The sign should have said that it was a twenty minute hike for graduates of Mt. Everest expeditions. The path steepened into vertical steps that some diligent and thoughtful park work crew pounded into the rock face for the climbing-impaired. Our thigh muscles strained and our knees trembled. Our tongues panted and our eyes rolled back. Our pulses quickened, our chests pounded. (Gee, are our bodies trying to tell us something?) Steeper and steeper, along a zig-zag muddy path, we passed the baby back and forth--you take him--ok--can you take him now?--OK--can you take him back?--OK. This seemed to go on for an hour and a half until we emerged onto a huge granite rock. Before us was a stunning view, going for miles in all directions. There was also a sheer drop-off which seized me in the solar plexus as I imagined my children running off the edge like Wyle E. Coyote -- standing on the air one moment, and plunging to the rocks below, the next.

Peter and I crawled on all fours to the center of the boulder. We made the children sit down and hang on with everything but their teeth. Then we looked at the world God made. Hawks circled around us. A hush fell upon us as we took in the grandeur. The hush lasted a split second as the children began cawing at the hawk.

The hike down was faster than the hike up. Our kneecaps felt like they were going to pop like champagne corks. At the bottom we recovered with salami sandwiches and soda from our cooler, on a picnic table under the trees.

I got out of the habit of reading bedtime stories during the last couple of years.
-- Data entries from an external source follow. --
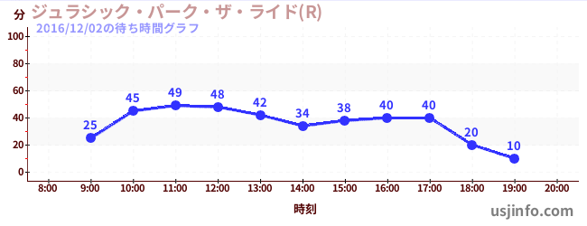 • ジュラシック・パーク・ザ・ライド(R)$B$N(B2016年12月02日の待ち時間
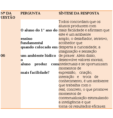 De acordo com que foi analisado no esquema acima, é fácil verificar que para os educadores do 1º ano do ensino fundamental da Escola Municipal Professora Edneide Sales Campelo, um ambiente lúdico é fundamental para facilitar a aprendizagem, propiciando a interação e socialização de conhecimento entre as crianças no ambiente escolar, transformando o ensinar em algo divertido, dinâmico, criativo e produtivo. Levando, portanto, a criança alcançar de forma prazerosa uma aprendizagem de qualidade e significativa para o seu a crescer como pessoa sociável.
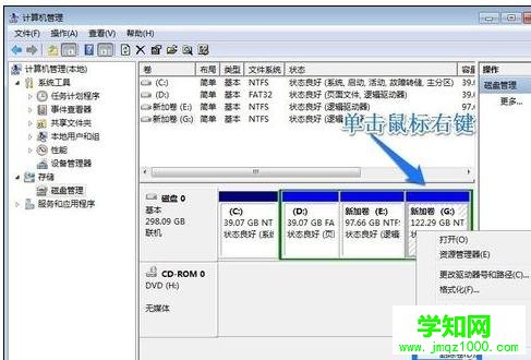 我們現(xiàn)在先把擴(kuò)展分區(qū)一次刪除,我們在G盤上單擊鼠標(biāo)右鍵,然后在菜單中點擊刪除卷!
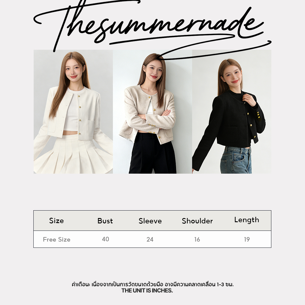 Thesummernade Jolin Blazer (ได้เฉพาะเสื้อเบลเซอร์)Blazer สไตล์เกาหลี เสื้อครอปเบเซอร์
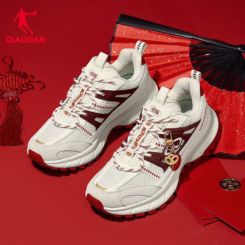乔丹开元V3休闲鞋男老爹鞋2026春季新年红色鞋子厚底增高网面男鞋
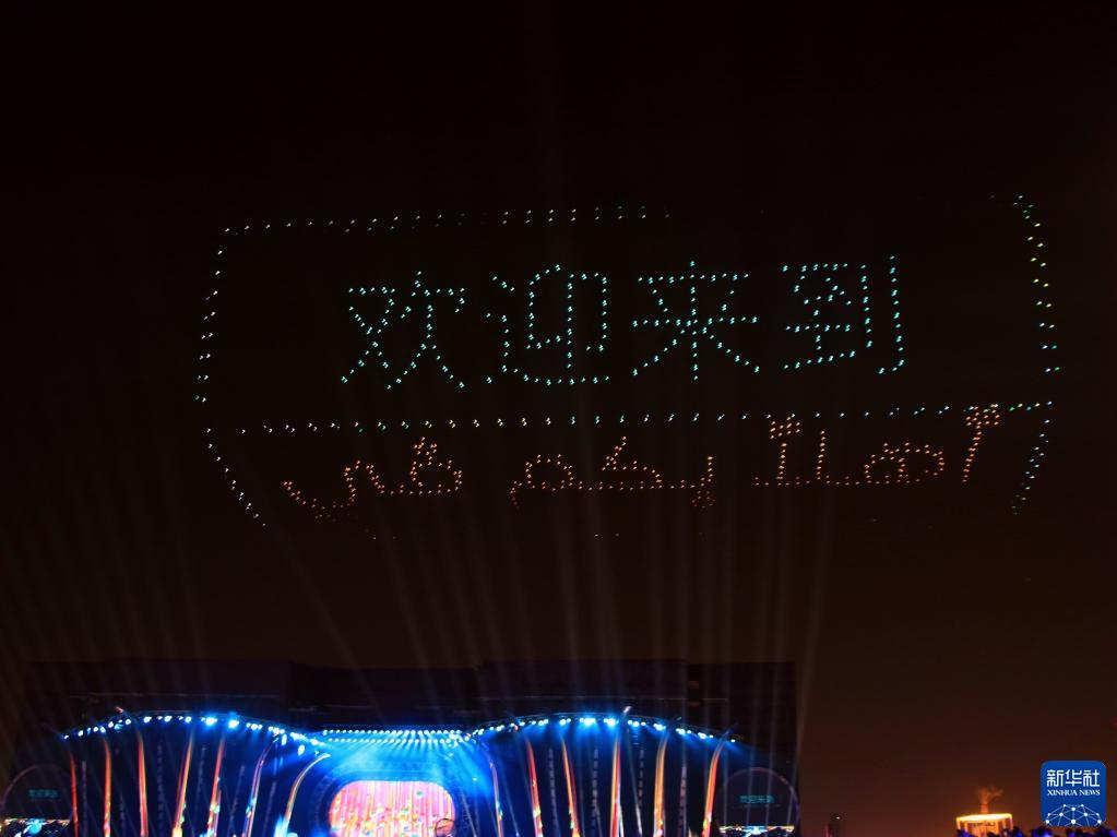 10月20日晚,在沙特阿拉伯首都利雅得舉行的“利雅得狂歡季2021”開幕慶?;顒由?無人機組成多種語言的歡迎字樣。 當晚,沙特阿拉伯首都利雅得舉行活動,以花車游行、無人機表演、煙花秀等形式拉開“利雅得狂歡季2021”的序幕。利雅得狂歡季是沙特促進經濟社會多樣性舉措的一部分,系列活動將持續到2022年3月。 新華社記者 胡冠 攝 |
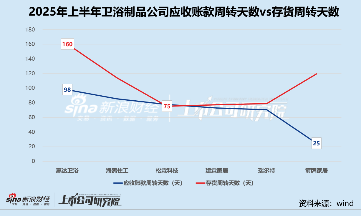 惠达卫浴应收账款和存货周转天数双高,分别为98天、160天。业绩公告显示,惠达卫浴的应收账款主要来源于战略性地产业务,上游房企经营疲软对其造成不利影响,账龄在3年及以上的应收账款约占比9.7%;存货则以库存商品为主,期末账面余额约占比49.3%。瑞尔特应收账款天数由2024年上半年的天攀升至70天,涨幅达22.5%,账期三年以上的应收账款余额较期初上涨近29%。松霖科技的存货周转天数同比增长21.0%至75天,库存商品账面余额与期初相比激增63.7%,或反映出产品滞销的信号。

I was really faithful about it with the older two when they were little, then somehow I became lazy. (Shame shame!) Reading Barbara Bush's biography recently reinspired me about the importance and fun of reading to children. Now we're doing it at least a couple of times a week. We're learning a song before bed too. I taught my children, "Home on the Range" recently. Teaching a song gives you a chance to hear it as if for the first time. That particular one is actually very sentimental. It conjures up images of some lone cowpoke away yonder on the range, alone with his beans and his dawgies. If we sing it sincerely we almost cry. The kids throw their heads back and Peter howls like a coyote in the background.
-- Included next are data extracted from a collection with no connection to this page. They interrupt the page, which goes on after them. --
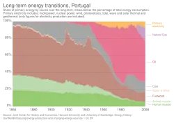 Хронологически первый подход наиболее широко описал Вацлав Смил[24]. Он подчёркивает изменение энергобаланса стран и мировой экономики по отдельным видам первичных источников энергии в процентах от общего объёма энергопотребления. Этот подход описывает изменения в энергосистемах с течением времени, от биомассы к углю, к нефти, а теперь и к комбинации источников, в основном состоящей из угля, нефти и природного газа. До 1950-х годов экономический механизм, лежащий в основе энергетических систем и энергопереходов, был скорее локальным, чем глобальным[25].
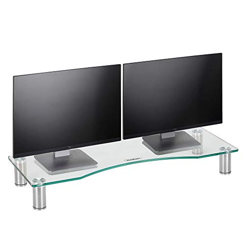 VonHaus Large Curved Glass Monitor Stand - Adjustable Height Multiple Screen Riser for PC Monitors, Computers, Laptops & TVs - 27.5 x 9.5 inches - Clear
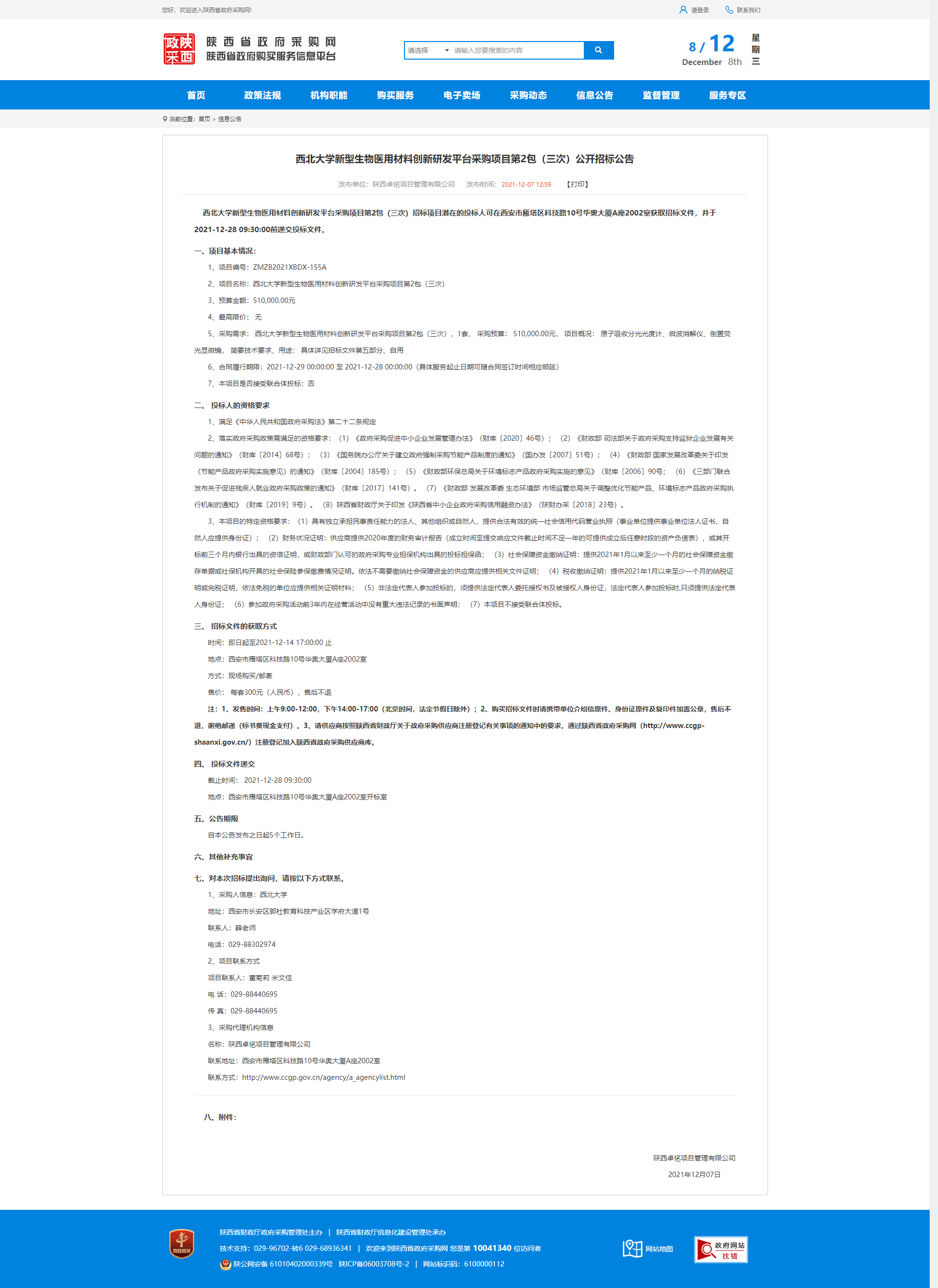 伟德国际1949始于英国新型生物医用材料创新研发平台采购项目第2包(三次)公开招标公告 作者: 编辑:薛利娟 时间:2021-12-08 原公告链接:http://www.ccgp-shaanxi.gov.cn/notice/noticeDetail.do?noticeguid=8a85be347d6a75c8017d92f597c94e2d
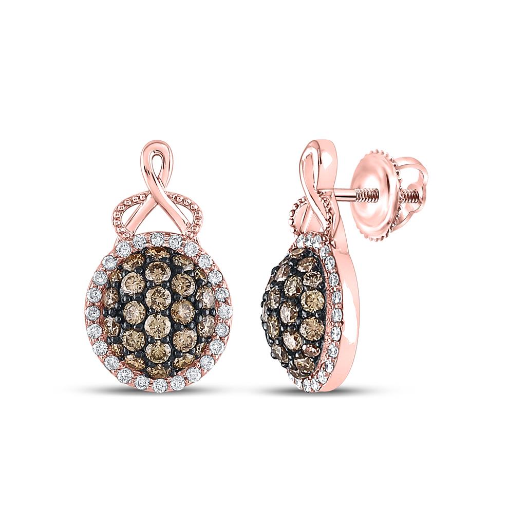 14k Rose Gold Round Brown Diamond Cluster Earrings 1 Cttw
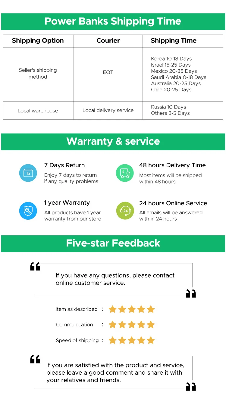 Tips: Regarding the transportation time of mobile powerbank, ignore the default delivery time shown in the system and refer to the following reference time. If you are not sure, please contact customer service.
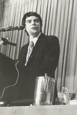 LID and SDS split in 1965, when SDS voted to remove from its constitution the "exclusion clause" that prohibited membership by communists, against Kahn's arguments.[37][38] The SDS exclusion clause had barred "advocates of or apologists for" "totalitarianism".[39] The clause's removal effectively invited "disciplined cadre" to attempt to "take over or paralyze" SDS, as had occurred to mass organizations in the thirties.[40] Afterward, Marxism Leninism, particularly the Progressive Labor Party, helped to write "the death sentence" for SDS.[40][41][42][43] Nonetheless Kahn continued to argue with SDS leaders about the need for accountable leadership,[44] about tactics, and about strategy.[30] In 1966, Kahn attended the Illinois Convention of SDS, where his forceful arguments and delivery overwhelmed and were resented by the other activists;[30] Kahn was then 28 years old.
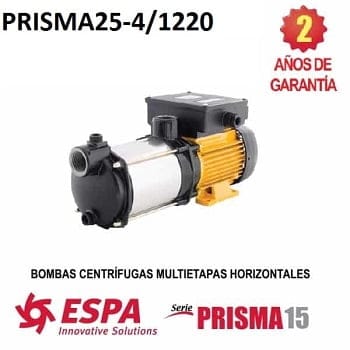 La bomba de agua 2 HP PRISMA25-4/1220, es parte de la serie PRISMA de bombas centrÍfugas multietapas horizontales marca Espa.

Experiences like these make terrific memories. So many things can help strengthen our relationship of love with our children. I don't think it matters if we go to Disneyland or if we jump up and down on the bed with them. I think what truly solidifies the family is when we share our real selves with each other. No secrets, no pretense. Even the mundane can be fun if there's laughter and warmth.

The difficulties we all face at one time or another can be more easily weathered when our memories have a little tenderness or a little comic relief. One way I hope to accomplish this, in the far distant future, when my bereaved family drives my body to the cemetery after I die, will be to leave instructions for the undertaker to play a recording of my voice asking, "Are we there yet? Are we there yet? Are we there yet?"

Kim lives in Maine, which is lovely, and where she continues her enthusiastic relationship with Art, Music, Nature, Books, Animals, Humor and Trees.